À l’occasion d’Octobre Rose, mois mondial de sensibilisation à la lutte contre le cancer du sein, la journaliste et coordonnatrice de l’ONG Leadership des Femmes des Médias (LFM), Grace Shako, a lancé un plaidoyer en faveur d’une prise en charge accrue de cette maladie en République démocratique du Congo.
Un message personnel et universel
Dans un témoignage fort et intime, Grace Shako, femme approchant la quarantaine, a souligné que le cancer du sein n’est pas une réalité lointaine, mais un danger qui concerne toutes les femmes, sans exception.
« Le cancer du sein n’est pas une histoire des autres. C’est une réalité qui nous concerne, toi, moi, chacune de nous », a-t-elle déclaré.
Pour elle, le dépistage précoce reste l’arme la plus efficace pour sauver des vies. Elle a ainsi invité les femmes à surmonter la peur et le tabou afin d’aller se faire dépister régulièrement.
Un appel direct au Gouvernement
Au-delà de l’engagement personnel, la coordonnatrice de LFM a adressé un message clair aux autorités congolaises.
Elle exhorte le Gouvernement central à mettre en place une véritable stratégie nationale de lutte contre le cancer du sein, qui passerait par :
– La gratuité du dépistage pour toutes les femmes à partir de 35 ans ;
– L’accessibilité des services de dépistage sur l’ensemble du territoire ;
– Une politique publique structurée et durable, intégrant la sensibilisation, la prévention et la prise en charge médicale.

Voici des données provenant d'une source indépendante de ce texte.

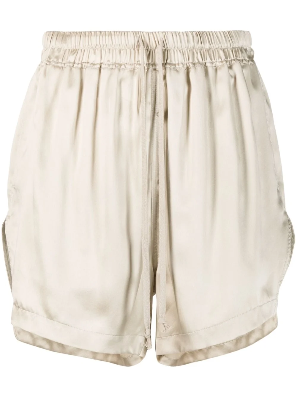 drawstring silk shorts Highlights - Light beige - Silk - High-shine finish - Elasticated drawstring waistband - Two side slit pockets - Curved hem Made in Italy Composition Silk 100% SIZE & FIT Model measurements Height 5 ft 10 in(1.77 m) Bust/Chest 32.28 in(82 cm) Hips 35.03 in(89 cm) Waist 25.19 in(64 cm) FittingInformation Designed with a voluminous wide-leg fit The elasticated waist allows for a comfortable fit Made from a lightweight non-stretch fabric This piece fits true to size – take your usual size Washing instructions Dry Clean Only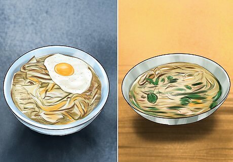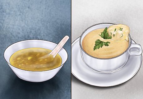 Begin lunch and dinner with soup. Starting lunch and dinner with soup can help prevent you from overeating during the meal. Soup helps provide you with nutrients, like protein and fiber, that help fill you up. The broth in the soup can help fill you up before you eat so you don’t eat too much. Try egg drop or black bean soup as an appetizer, for example.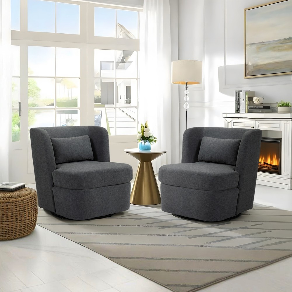 Designed for your leisure comfort, the circular modern armchair can swivel 360 degrees, making the seat more flexible and allowing you to easily adjust your sitting position without getting up. The swivel accent chair is made of comfortable and breathable fabric, with high density foam cushion provides excellent support and durability, which is soft and comfortable. This chair is best for sitting cross-legged while reading a book or curling up to watch TV. The included pillow provides extra support.Product informations: Color: 5 Colors(Gray,Beige,Boucle White,Boucle Gray,Boucle Blue) Products included: 2 Swivel Barrel Chairs Upholstery Material: Cotton and Linen, Boucle Leg Material: 360°Swivel Base Product Dimension: 28.6"W×29.8"D×29.2"H Product Weight: 54.01 lbs Packing Size: Free Shipping Over $49.99* Details 2Set 360°Swivel Barrel Chair with Cushion Product Description: Designed for your leisure comfort, the circular modern armchair can swivel 360 degrees, making the seat more flexible and allowing you to easily adjust your sitting position without getting up. The swivel accent chair is made of comfortable and breathable fabric, with high density foam cushion provides excellent support and durability, which is soft and comfortable. This chair is best for sitting cross-legged while reading a book or curling up to watch TV. The included pillow provides extra support. Product informations: Color5 Colors(Gray,Beige,Boucle White,Boucle Gray,Boucle Blue) Products included2 Swivel Barrel Chairs Upholstery MaterialCotton and Linen, Boucle Leg Material360°Swivel Base Product Dimension28.6"W×29.8"D×29.2"H Product Weight54.01 lbs Packing Size28.35"W×26.77"D×22.05"H Package Weight61.62 lbs Weight capacity:220 lbs Features: This modern chair can be rotated 360°, and has great flexibility in the house. The seat cushion of the chair is filled with a distinctive sponge, which is not only beautiful in appearance, but also more comfortable to ride. The fabric of the chair adopts the rare boucle fabric on the market, which is skin-friendly and soft. And there is also cotton linen fabric that is very durable. The accent chair is a unique decor for various occasions which can lift up the aesthetic of the interior design. Also it is a perfect addition to the hotel lounge, bedroom, living room, office, and nursery room.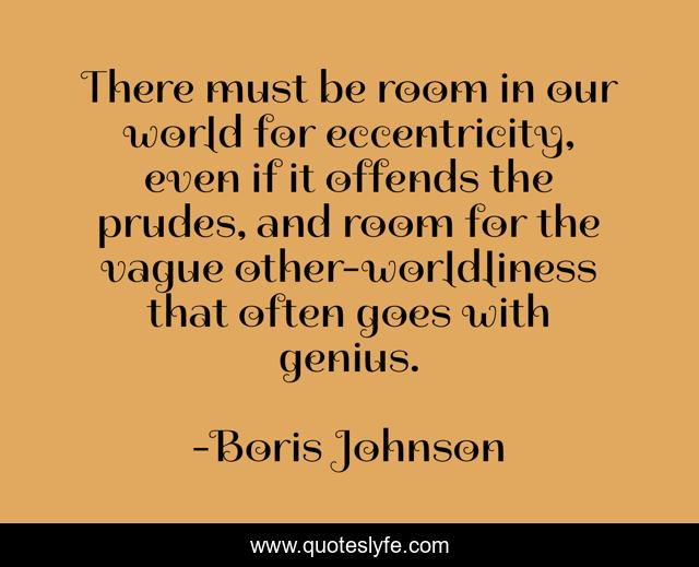 This page presents the quote "There must be room in our world for eccentricity, even if it offends the prudes, and room for the vague other-worldliness that often goes with genius.". Author of this quote is Boris Johnson. This quote is about politics, rosetta,.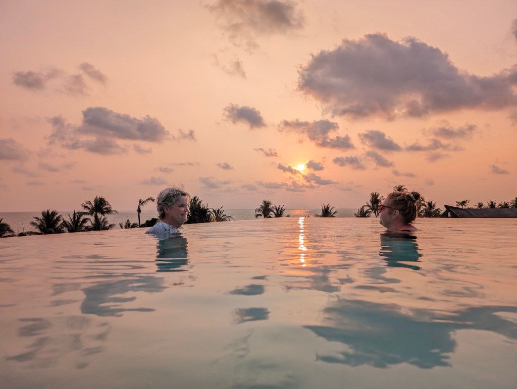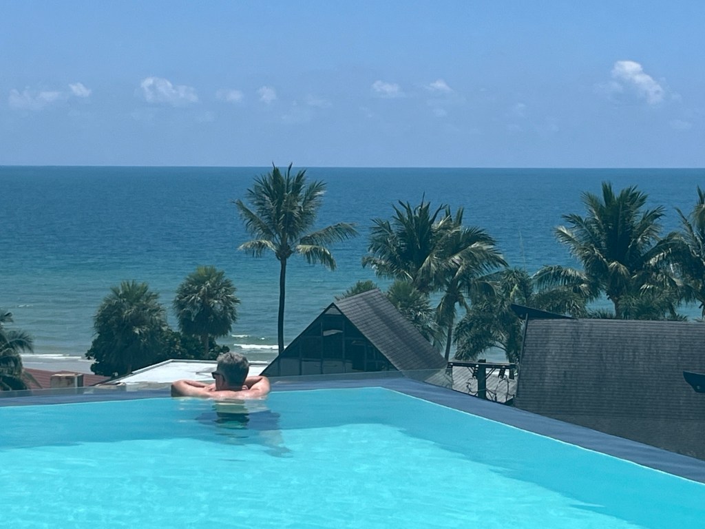 Then it’s a short tuk tuk to the hotel. YAHOO! After checking in we find the family enjoying the roof top infinity pool.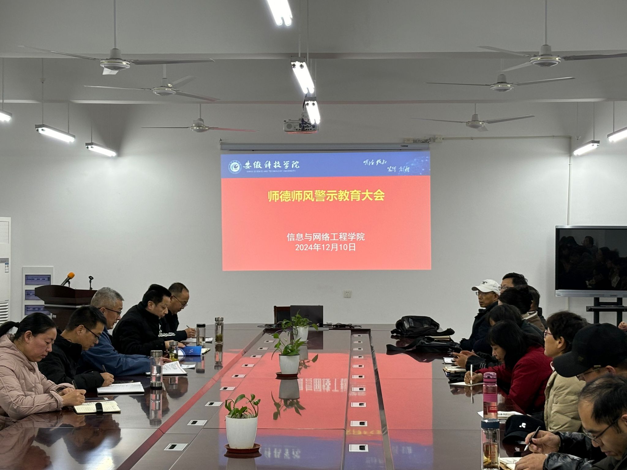 为进一步做好师德师风建设工作,12月10日下午,信息与网络工程学院在尚行楼B418会议室召开师德师风警示教育大会,学院全体教职工参加会议,会议由学院党委书记王振其主持。
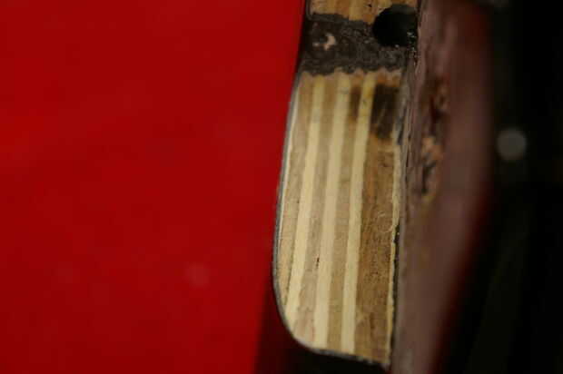 Puesto que planeaba tomar el acabado a la madera desnuda pude obtener una vista de sección transversal de la capa superior aquí también.

« Chaque femme mérite une chance de vivre », a martelé la journaliste.
L’engagement de parler et d’agir
Grace Shako a affirmé sa détermination à prendre la parole chaque jour de ce mois d’Octobre Rose pour sensibiliser, informer et éveiller les consciences.
Son engagement entre dans une démarche citoyenne et militante de faire de la santé des femmes une priorité nationale.
Une urgence collective
Avec plus de 2,3 millions de nouveaux cas de cancer du sein diagnostiqués dans le monde chaque année selon l’OMS, et une mortalité encore élevée en Afrique à cause du diagnostic tardif, le plaidoyer de Grace Shako résonne comme un cri d’alerte.
Son initiative rappelle que la lutte contre le cancer du sein ne peut reposer uniquement sur les épaules des femmes elles-mêmes.
Cette lutte nécessite un engagement collectif, celui des familles, des communautés, des médias, mais aussi et surtout des décideurs politiques.